SAN JUAN, P.R. — Gov. Ricardo A. Rosselló of Puerto Rico announced his resignation on Wednesday night, conceding that he could no longer credibly remain in power after an extraordinary popular uprising and looming impeachment proceedings had derailed his administration.
In a statement posted online just before midnight, Mr. Rosselló, 40, said he would step down on Aug. 2.
He said his successor for the moment would be the secretary of justice, Wanda Vázquez, a former district attorney who once headed the island’s office of women’s affairs. Ms. Vázquez was next in line under the commonwealth’s Constitution because the secretary of state, who would have succeeded Mr. Rosselló as governor, resigned last week when he also was caught up in a chat scandal that enveloped the administration.
But the governor appeared to leave open the possibility that a different successor could be in place by the time he steps down.

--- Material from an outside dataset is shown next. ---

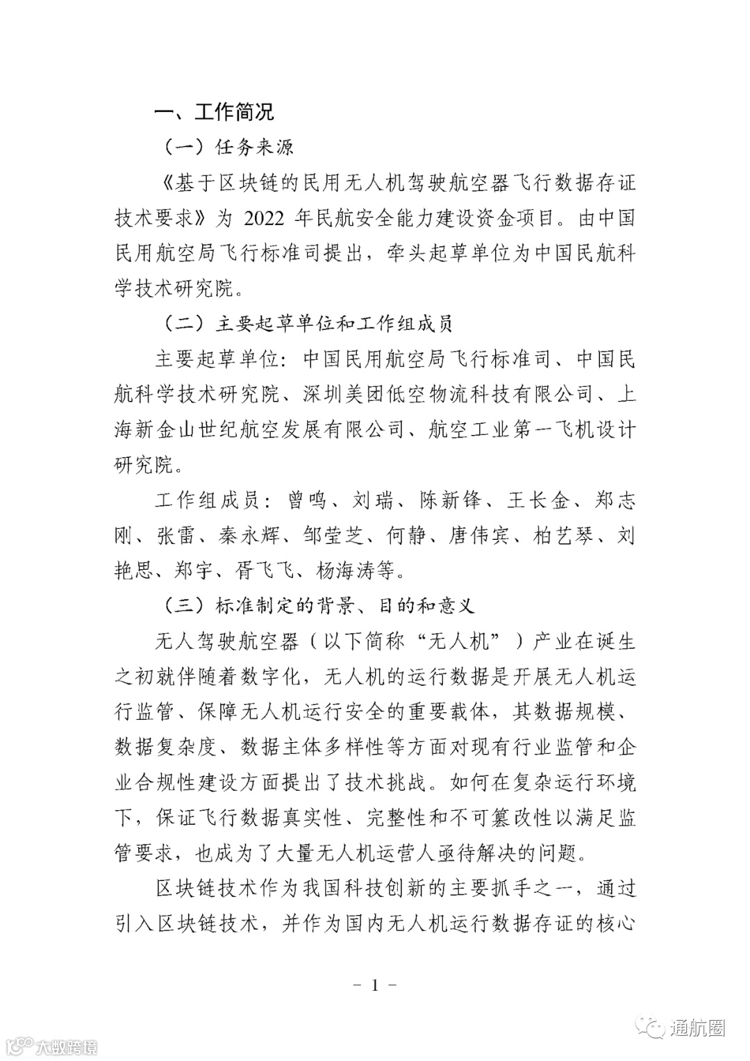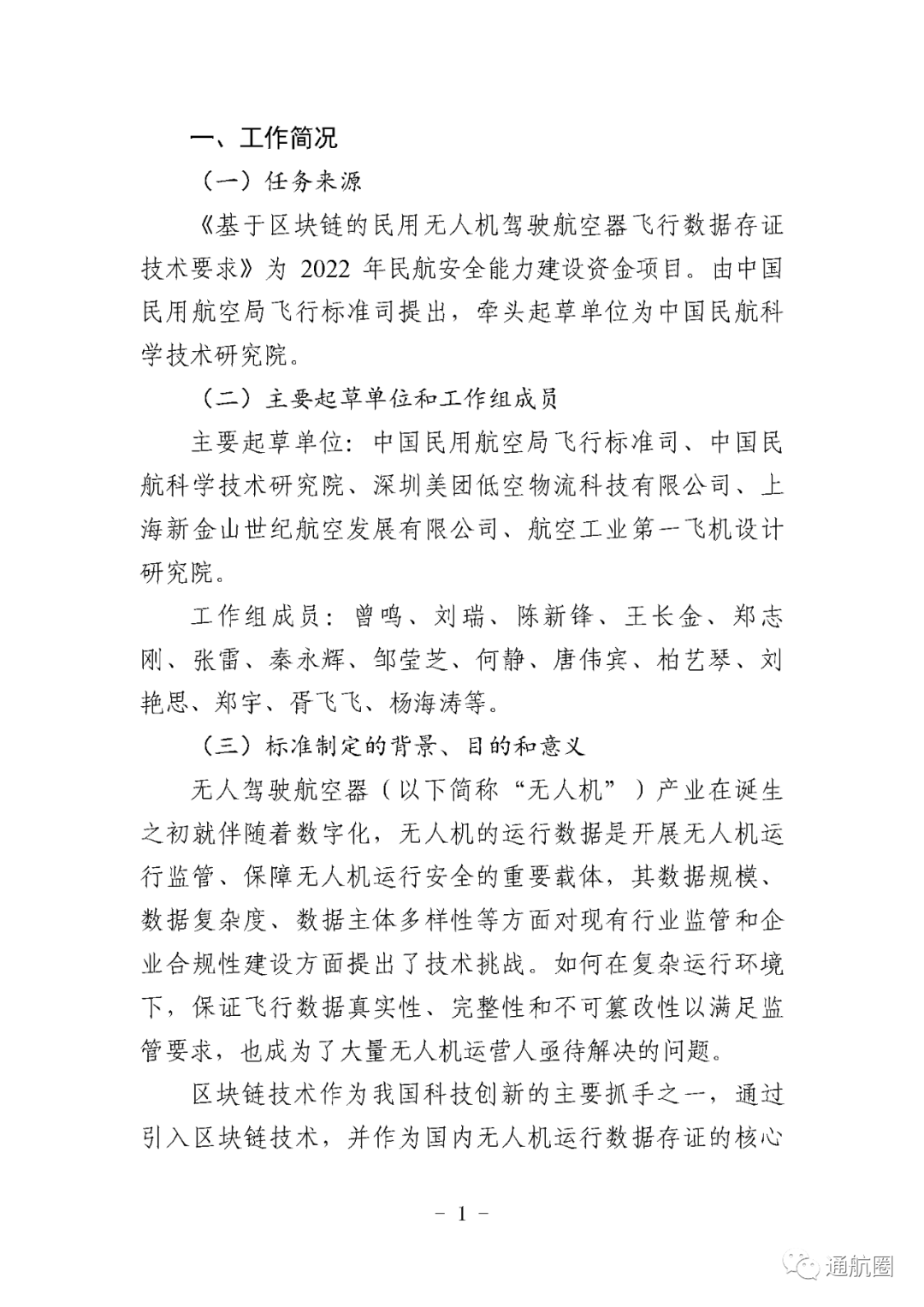 二、《基于区块链的民用无人驾驶航空器飞行数据存证技术要求》(征求意见稿)编制说明

His ouster by popular demand meant more to Puerto Ricans than a rejection of Mr. Rosselló’s administration. It amounted to a resounding repudiation of decades of mismanagement and decline that everyday people blamed on politicians in San Juan and Washington.
Mr. Rosselló began his announcement by citing some of the accomplishments of his administration, including passing a balanced budget with no layoffs of public employees, fighting corruption, establishing positive economic growth and lowering taxes. “We raised the salary of teachers in the middle of a bankruptcy,” he said.
He added: “I hope this decision serves as a call to citizen reconciliation.”
Hundreds of protesters outside La Fortaleza, the governor’s official residence, went suddenly silent on Wednesday night when Mr. Rosselló’s message began to air after hours of delay, with groups huddled around cellphones to listen. The crowd, shouting, grew restless as the 14-minute statement dragged on, but it burst into thunderous applause the moment he announced he would resign. Puerto Rican flags shot into the air and the drumbeats began, to chants of “¡Oé! ¡Oé ¡Oé!”
“I’m overjoyed. We did it, we did it,” said Meralys Lebrón, 28, as she danced with friends to the beat of the drums. “This matters to everyone in Puerto Rico. He showed us he was not the leader we need right now.”
“This is historic. Absolutely historic,” Aixa González, 28, said. “I have never seen anything like this and I can’t even put it into words. This is what he gets, this is justice.”